Keras provides a convenient way to convert positive integer representations of words into a word embedding by an **Embedding** layer.

2. We will map each word onto a 32 length real valued vector. We will also limit the total number of words that we are interested in modeling to the 5000 most frequent words, and zero out the rest. Finally, the sequence length (number of words) in each review varies, so we will constrain each review to be 500 words, truncating long reviews and pad the shorter reviews with zero values.

Now that we have defined how the data will be prepared and modeled, we are ready to develop an LSTM model to classify the sentiment of movie reviews.

### Simple LSTM for Sequence Classification
I have developed a small LSTM for the IMDB problem and achieve good accuracy.


In [6]:
import numpy as np
from keras.datasets import imdb
from keras.models import Sequential
from keras.layers import Dense
from keras.layers import LSTM
from keras.layers.embeddings import Embedding
from keras.preprocessing import sequence
# fix random seed for reproducibility
numpy.random.seed(7)

We need to load the IMDB dataset. We are constraining the dataset to the top 5,000 words.
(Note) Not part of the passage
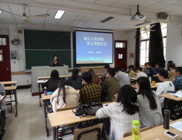 首先,她以自身求学工作的亲身经历来讲述自己当初入党的动机,在与祖国共奋进的征程上奉献了自己的青春与热情,在建设国家、推动社会的过程中同时实现自己个人的理想与发展;随后,她从十几年教书育人过程中所看到的优秀典型学生事例来端正大家的入党动机,要求大家在集体利益与个人利益面前体现出大局意识,“未进党的门,先做党的人”,在日常生活中用实际行动为更多同学服务,紧密联系身边的同学。最后,高老师希望大家坚定理想信念,学会客观的分析和判断国家形势,相信在中国共产党的领导下一定会实现中华民族伟大复兴。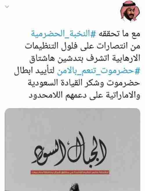 دشن ناشطين من ابناء حضرموت حملة شكر للامارات العربية المتحدة والتحالف العربي بقيادة المملكة العربية السعودية وانطلقت الحملة الليلة الأحد في تويتر ومواقع التواصل الاجتماعي تحت هشتاق #حضرموت_تنعم_بالأمن وتأتي الحملة لتشكر من لهم الدور في تأمين حضرموت ودعم استقرارها والعمل على حمايتهها الحملة جاءت بالتزامن مع عملية الجبال السود عملية مطاردة فلول الارهاب من جبال حضرموت الشمالية والغربية من قبل قوات النخبة الحضرمية وباسناد التحالف العربي واشراف مباشر من قبل الامارات العربية المتحدة .صحفة الكاتب هاني مسهور

We also split the dataset into train (50%) and test (50%) sets.

In [None]:
''' Actual code is this-'''
top_words = 5000
(X_train, y_train), (X_test, y_test) = imdb.load_data(num_words=top_words)

# load the dataset but only keep the top n words, zero the rest
# But because for some reasons this couldn't be loaded, we use the code below as a trick to load the same dataset

In [8]:
# save np.load
np_load_old = np.load

# modify the default parameters of np.load
np.load = lambda *a,**k: np_load_old(*a, allow_pickle=True, **k)

# call load_data with allow_pickle implicitly set to true
(X_train, y_train), (X_test, y_test) = imdb.load_data(num_words=5000)

# restore np.load for future normal usage
np.load = np_load_old

 In sentiment classification Keras prefers to have all inputs of same dimension/ length.
So, i have truncated and padded the input sequences so that they are all the same length for modeling.

In [9]:
# truncate and pad input sequences
max_review_length = 500
X_train = sequence.pad_sequences(X_train, maxlen=max_review_length)
X_test = sequence.pad_sequences(X_test, maxlen=max_review_length)

## Model -

Now define, compile and fit our LSTM model.

* The first layer is the Embedded layer that uses 32 length vectors to represent each word. The next layer is the LSTM layer with 100 memory units (smart neurons).

* Finally, because this is a classification problem we use a Dense output layer with a single neuron and a sigmoid activation function to make 0 or 1 predictions for the two classes (good and bad) in the problem.

* Because it is a binary classification problem, log loss is used as the loss function (*binary_crossentropy* in Keras). The efficient ADAM optimization algorithm is used. The model is fit for only 2 epochs because it quickly overfits the problem. A large batch size of 64 reviews is used to space out weight updates.

In [10]:
# create the model
embedding_vecor_length = 32
model = Sequential()
model.add(Embedding(top_words, embedding_vecor_length, input_length=max_review_length))
# Embedding converts positive integers to a vector of fixed size (given by 2nd arg)
model.add(LSTM(100))
model.add(Dense(1, activation='sigmoid'))
model.compile(loss='binary_crossentropy', optimizer='adam', metrics=['accuracy'])
print(model.summary())
model.fit(X_train, y_train, epochs=3, batch_size=64)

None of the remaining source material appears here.